The rules below goal is to facilitate safe pull based propagation.

- **Nodes MUST only propagate validated messages**
- `Commitment` messages MUST originate from the Proposer
- `Have` messages MUST match those committed to in the `Commitment` message
- `Data` messages MUST match their corresponding `Have` and `Commitment`
- **Nodes MUST Send the `Commitment` message before sending `Have` messages**
- **Nodes MUST only send `Data` messages if that data has been requested**
- **Nodes MUST avoid sending the same `Have` or `Want` message to the same peer more than once**
- **Nodes SHOULD request `Data` they don't have**
- **Upon first receiving `Commitment` and then `Have` messages, nodes SHOULD broadcast those messages to all peers.**

### Disconnection Rules

- **Nodes MUST disconnect from peers that send invalid messages**
- **Nodes MUST disconnect from peers that send `Data` messages that have not been requested**
- **Nodes MUST disconnect from peers that send more than one of the same `Have` or `Want` message**

## Pipelining `Have` and `Want` Messages

Pull based mechanisms are very efficient, but sacrifice speed.

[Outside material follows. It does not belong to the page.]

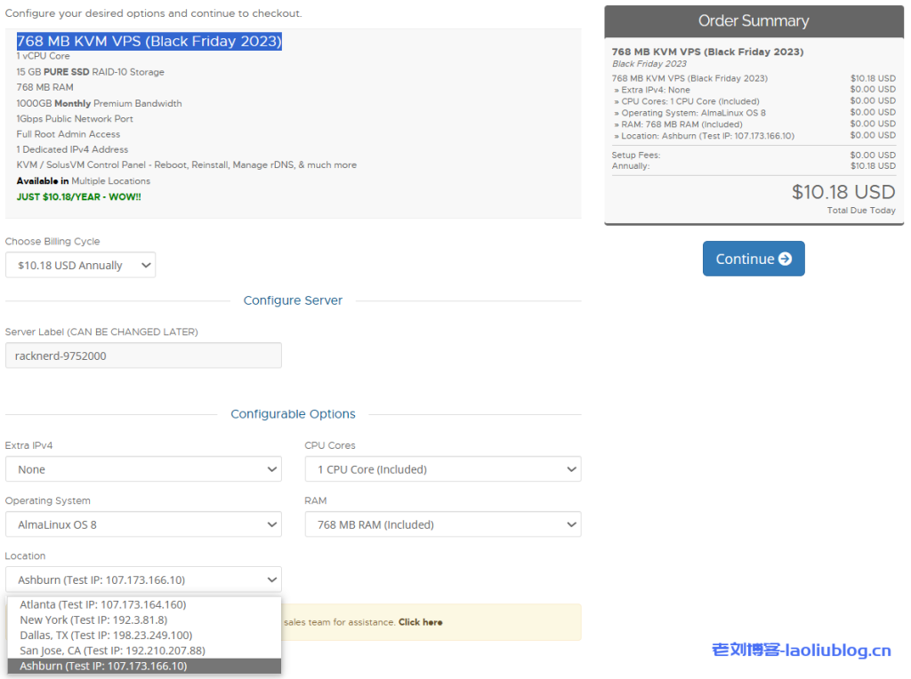 顾名思义就是RackNerd去年黑五促销768MB内存款。可选机房同样包括美国亚特兰大、纽约、达拉斯、圣何塞和阿什本。

Here we describe how to pipeline the `Have` and `Want` messages so that push based mechanisms can get close to the speed of push.

Instead of waiting until data is downloaded to gossip `Have` messages, in PBT, they are gossiped after verifying them.

- **Nodes MUST gossip a `Have` message only if EITHER the `Want` message for that data has been successfully queued to for sending OR the `Data` for the `Have` has already been downloaded**

Keep the other pull based rules in context as well, where nodes cannot send the same message twice or unauthenticated data.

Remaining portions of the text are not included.